## [TASK DATA]
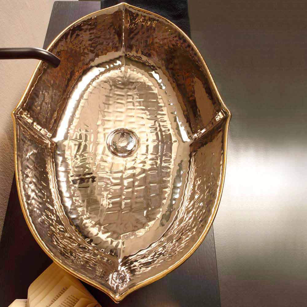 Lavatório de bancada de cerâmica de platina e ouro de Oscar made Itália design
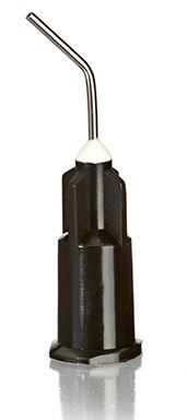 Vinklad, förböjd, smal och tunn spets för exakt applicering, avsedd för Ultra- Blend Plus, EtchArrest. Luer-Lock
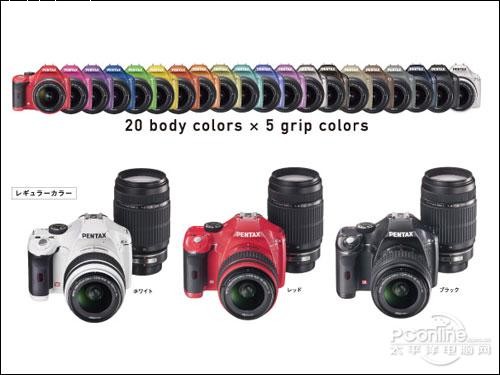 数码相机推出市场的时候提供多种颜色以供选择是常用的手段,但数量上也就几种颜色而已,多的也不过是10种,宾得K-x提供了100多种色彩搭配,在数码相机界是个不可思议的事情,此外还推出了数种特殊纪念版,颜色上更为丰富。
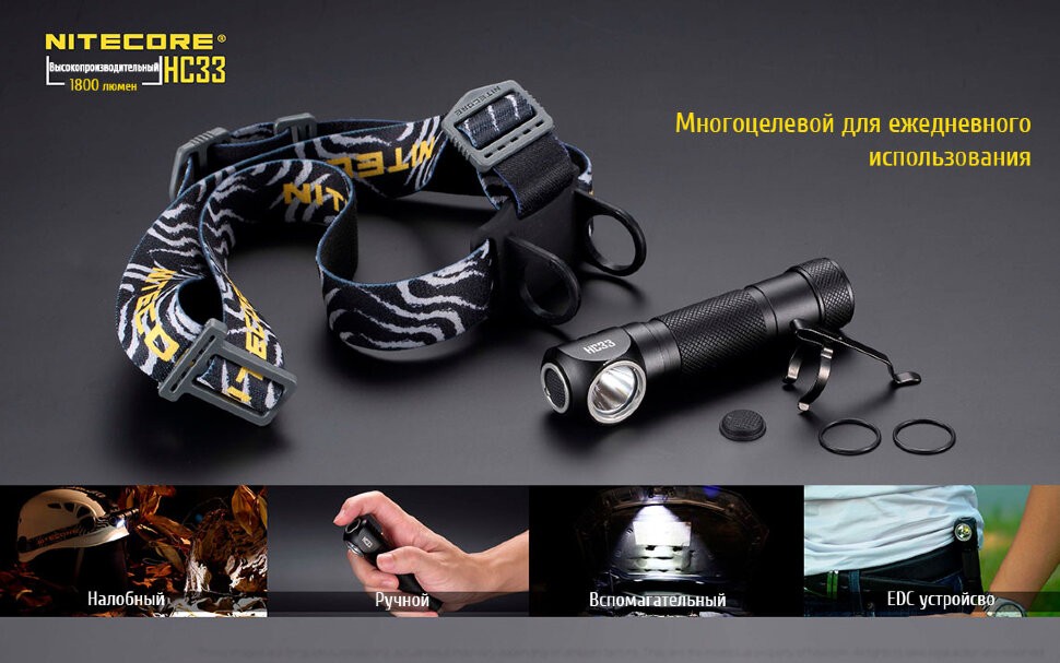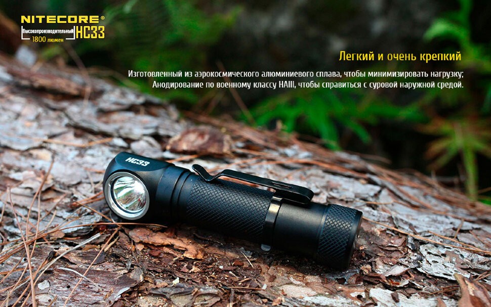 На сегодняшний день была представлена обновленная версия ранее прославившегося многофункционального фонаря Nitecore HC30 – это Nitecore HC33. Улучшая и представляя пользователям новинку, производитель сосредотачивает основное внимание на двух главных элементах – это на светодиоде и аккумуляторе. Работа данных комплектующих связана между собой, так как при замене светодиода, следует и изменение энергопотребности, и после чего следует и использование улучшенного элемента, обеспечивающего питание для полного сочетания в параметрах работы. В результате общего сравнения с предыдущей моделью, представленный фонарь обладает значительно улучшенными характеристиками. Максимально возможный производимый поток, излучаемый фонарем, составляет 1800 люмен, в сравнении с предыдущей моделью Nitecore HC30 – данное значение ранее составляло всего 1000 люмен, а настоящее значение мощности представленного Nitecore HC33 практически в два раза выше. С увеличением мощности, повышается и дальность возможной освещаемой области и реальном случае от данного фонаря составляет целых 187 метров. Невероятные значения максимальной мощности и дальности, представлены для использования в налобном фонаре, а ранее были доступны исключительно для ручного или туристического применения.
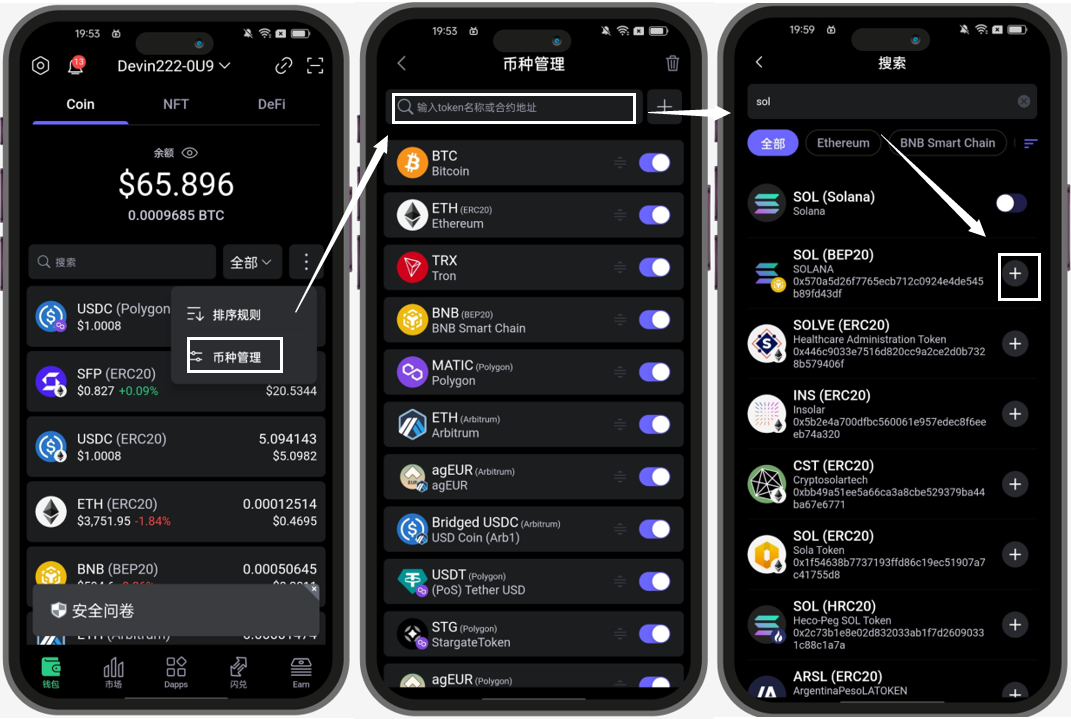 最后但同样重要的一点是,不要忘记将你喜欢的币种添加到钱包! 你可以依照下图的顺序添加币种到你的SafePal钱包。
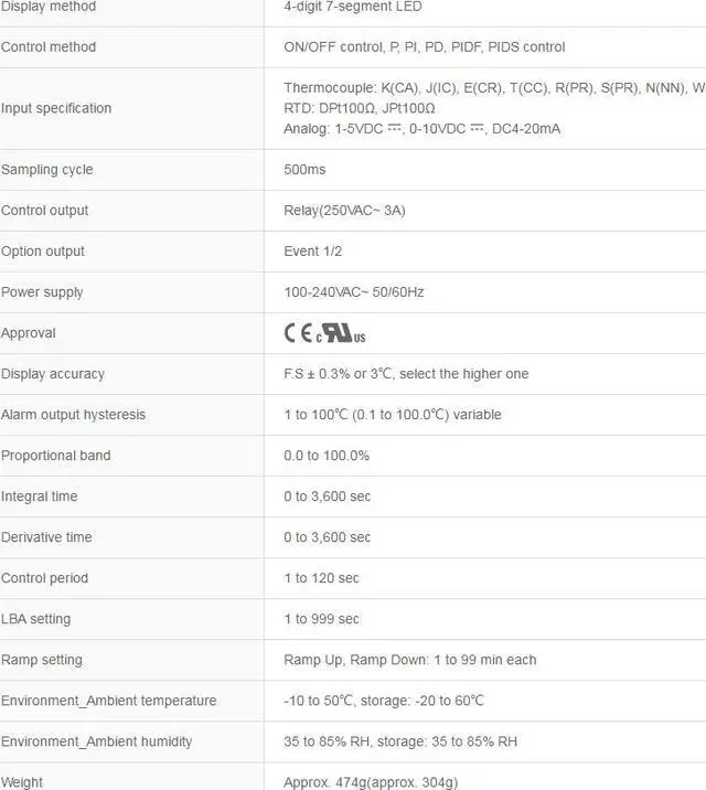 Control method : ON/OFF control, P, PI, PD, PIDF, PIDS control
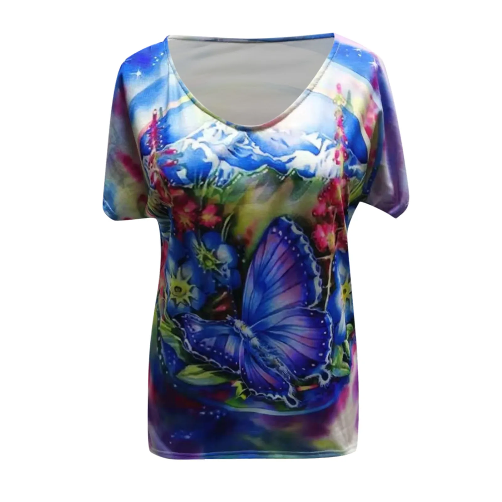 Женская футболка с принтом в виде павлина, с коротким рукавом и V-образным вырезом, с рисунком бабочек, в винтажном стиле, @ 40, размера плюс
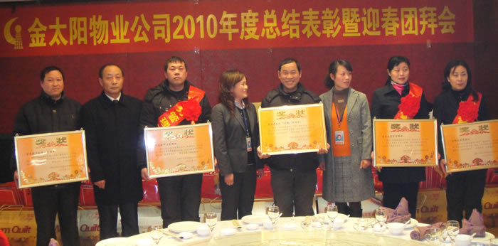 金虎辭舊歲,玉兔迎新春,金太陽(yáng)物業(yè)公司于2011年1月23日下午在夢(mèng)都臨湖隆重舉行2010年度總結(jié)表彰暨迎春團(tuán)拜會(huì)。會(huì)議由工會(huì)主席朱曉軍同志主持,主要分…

## [WORK INSTRUCTIONS]
Write out the whole listing exactly. Pictures stay out.

## [SOLVED EXERCISE]
 Lavatório de bancada de cerâmica de platina e ouro de Oscar made Itália design
 Vinklad, förböjd, smal och tunn spets för exakt applicering, avsedd för Ultra- Blend Plus, EtchArrest. Luer-Lock
 数码相机推出市场的时候提供多种颜色以供选择是常用的手段,但数量上也就几种颜色而已,多的也不过是10种,宾得K-x提供了100多种色彩搭配,在数码相机界是个不可思议的事情,此外还推出了数种特殊纪念版,颜色上更为丰富。
 На сегодняшний день была представлена обновленная версия ранее прославившегося многофункционального фонаря Nitecore HC30 – это Nitecore HC33. Улучшая и представляя пользователям новинку, производитель сосредотачивает основное внимание на двух главных элементах – это на светодиоде и аккумуляторе. Работа данных комплектующих связана между собой, так как при замене светодиода, следует и изменение энергопотребности, и после чего следует и использование улучшенного элемента, обеспечивающего питание для полного сочетания в параметрах работы. В результате общего сравнения с предыдущей моделью, представленный фонарь обладает значительно улучшенными характеристиками. Максимально возможный производимый поток, излучаемый фонарем, составляет 1800 люмен, в сравнении с предыдущей моделью Nitecore HC30 – данное значение ранее составляло всего 1000 люмен, а настоящее значение мощности представленного Nitecore HC33 практически в два раза выше. С увеличением мощности, повышается и дальность возможной освещаемой области и реальном случае от данного фонаря составляет целых 187 метров. Невероятные значения максимальной мощности и дальности, представлены для использования в налобном фонаре, а ранее были доступны исключительно для ручного или туристического применения.
 最后但同样重要的一点是,不要忘记将你喜欢的币种添加到钱包! 你可以依照下图的顺序添加币种到你的SafePal钱包。
 Control method : ON/OFF control, P, PI, PD, PIDF, PIDS control
 Женская футболка с принтом в виде павлина, с коротким рукавом и V-образным вырезом, с рисунком бабочек, в винтажном стиле, @ 40, размера плюс
 金虎辭舊歲,玉兔迎新春,金太陽(yáng)物業(yè)公司于2011年1月23日下午在夢(mèng)都臨湖隆重舉行2010年度總結(jié)表彰暨迎春團(tuán)拜會(huì)。會(huì)議由工會(huì)主席朱曉軍同志主持,主要分…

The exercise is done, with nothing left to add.